§ **Instructions to follow**: The required output is the exact run of lines from the one that contains "61. Install transmission" to the end of the data, with every picture left out.

★ ★ ★

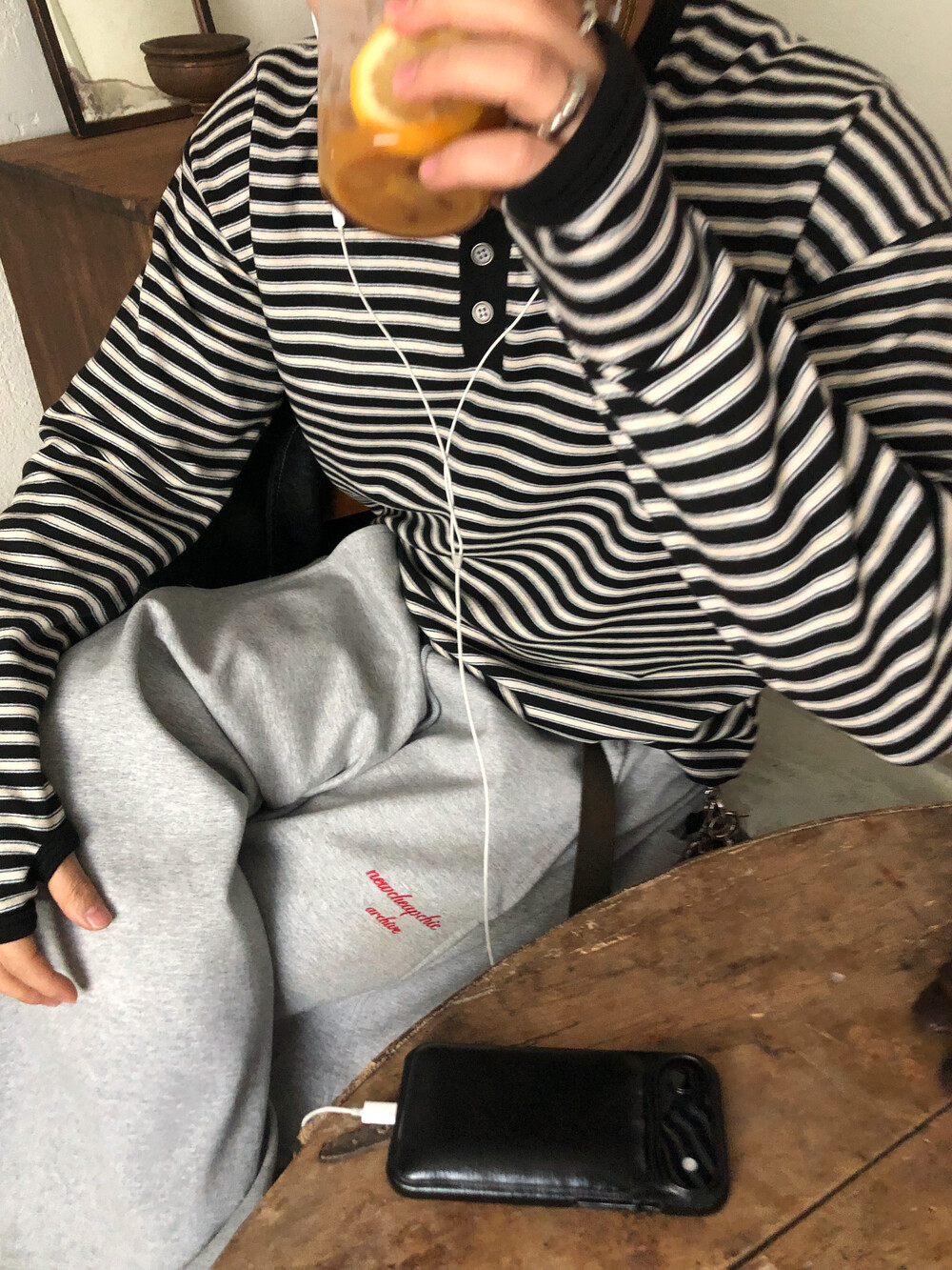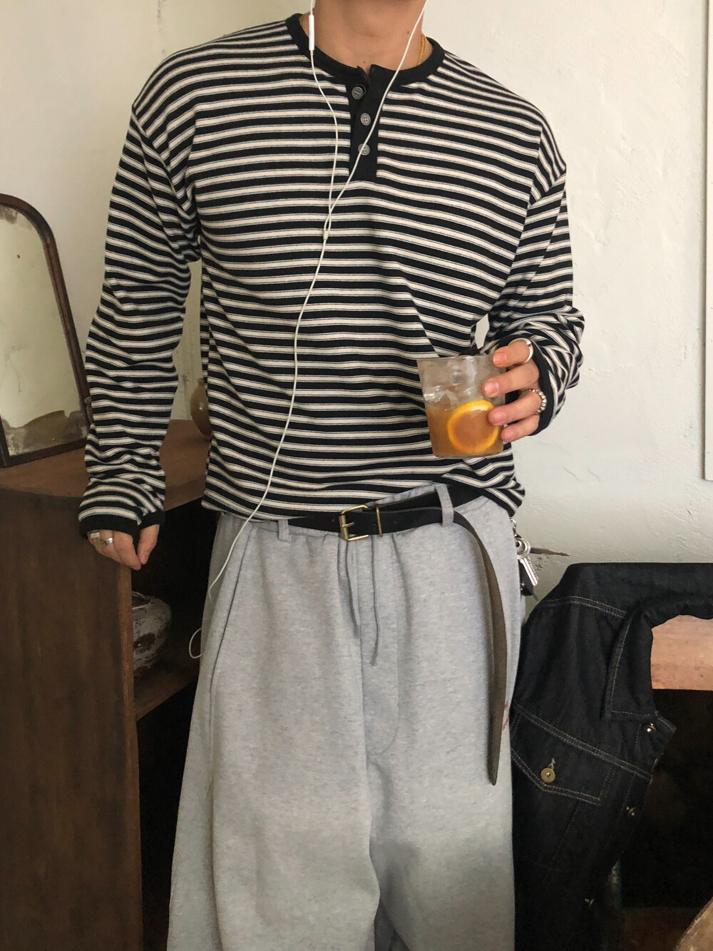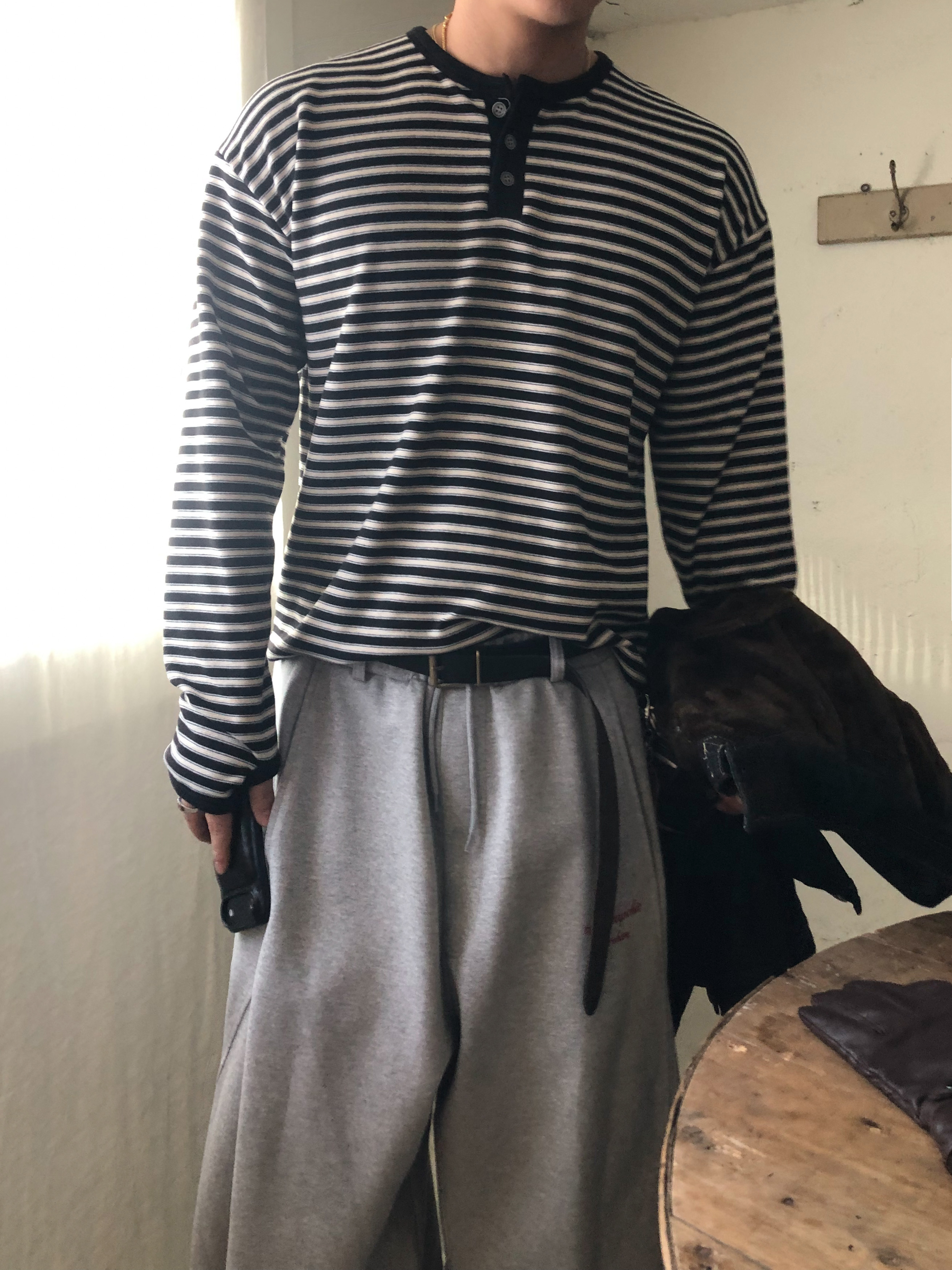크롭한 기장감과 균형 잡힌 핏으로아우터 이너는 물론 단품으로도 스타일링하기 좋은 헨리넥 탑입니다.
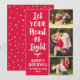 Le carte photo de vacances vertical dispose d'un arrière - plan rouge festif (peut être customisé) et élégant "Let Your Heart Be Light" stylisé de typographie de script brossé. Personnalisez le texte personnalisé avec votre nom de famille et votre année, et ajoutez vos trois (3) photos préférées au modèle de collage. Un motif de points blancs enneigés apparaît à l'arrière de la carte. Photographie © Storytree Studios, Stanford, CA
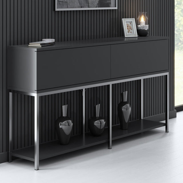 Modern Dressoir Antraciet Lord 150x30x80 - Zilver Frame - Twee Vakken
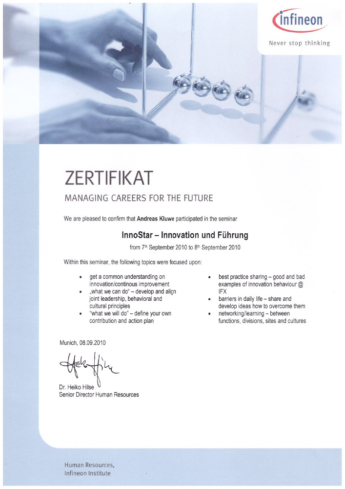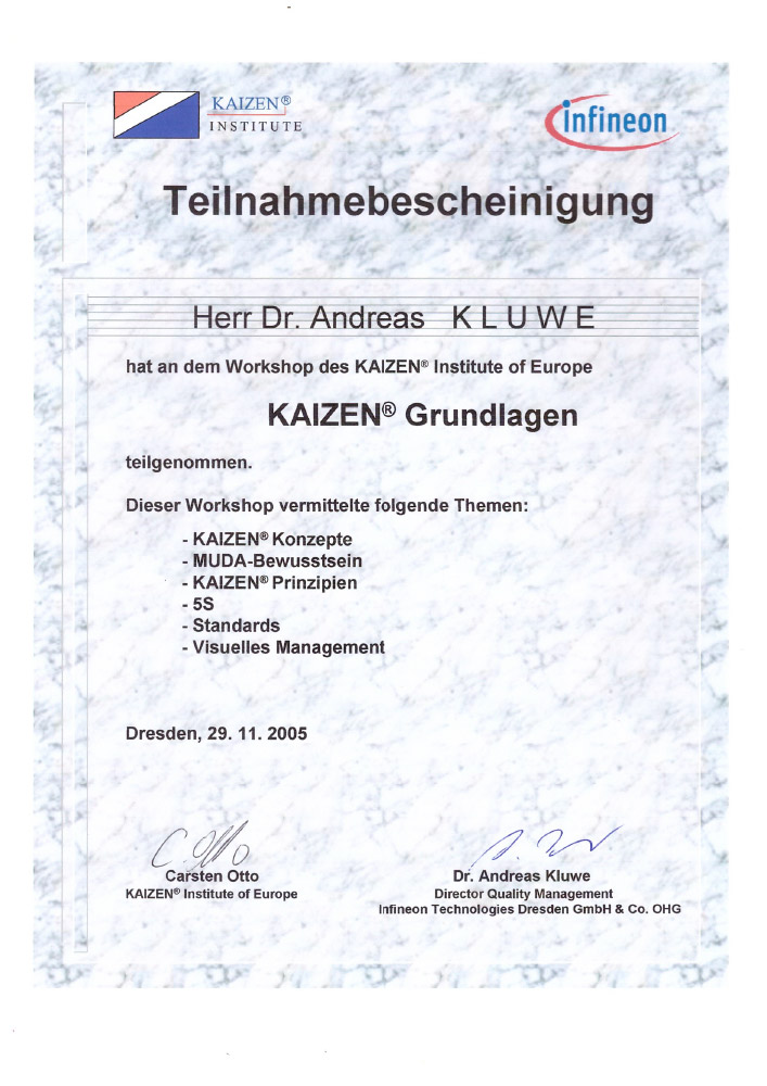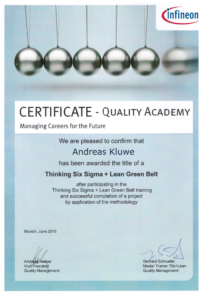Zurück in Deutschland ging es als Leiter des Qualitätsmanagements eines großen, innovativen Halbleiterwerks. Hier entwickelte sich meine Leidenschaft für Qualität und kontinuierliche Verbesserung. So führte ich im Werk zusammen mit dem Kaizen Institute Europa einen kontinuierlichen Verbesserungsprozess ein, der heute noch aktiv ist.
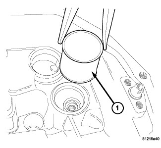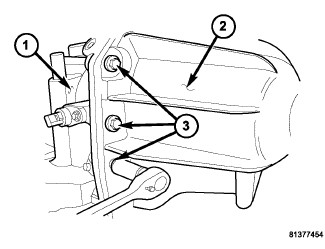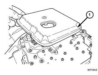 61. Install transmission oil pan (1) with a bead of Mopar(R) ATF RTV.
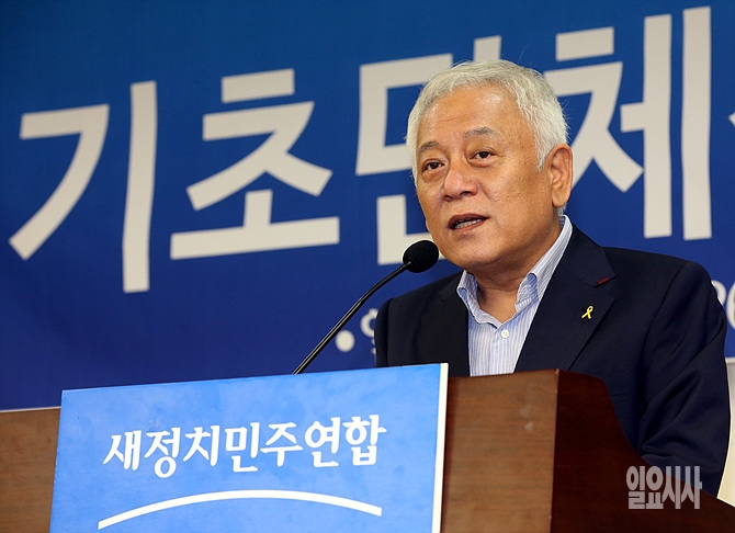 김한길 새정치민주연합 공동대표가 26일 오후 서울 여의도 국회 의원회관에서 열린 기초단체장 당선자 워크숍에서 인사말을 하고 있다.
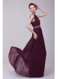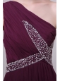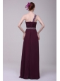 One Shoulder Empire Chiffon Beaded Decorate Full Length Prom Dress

★ ★ ★

§ **Answer section**:
 61. Install transmission oil pan (1) with a bead of Mopar(R) ATF RTV.
 김한길 새정치민주연합 공동대표가 26일 오후 서울 여의도 국회 의원회관에서 열린 기초단체장 당선자 워크숍에서 인사말을 하고 있다.
 One Shoulder Empire Chiffon Beaded Decorate Full Length Prom Dress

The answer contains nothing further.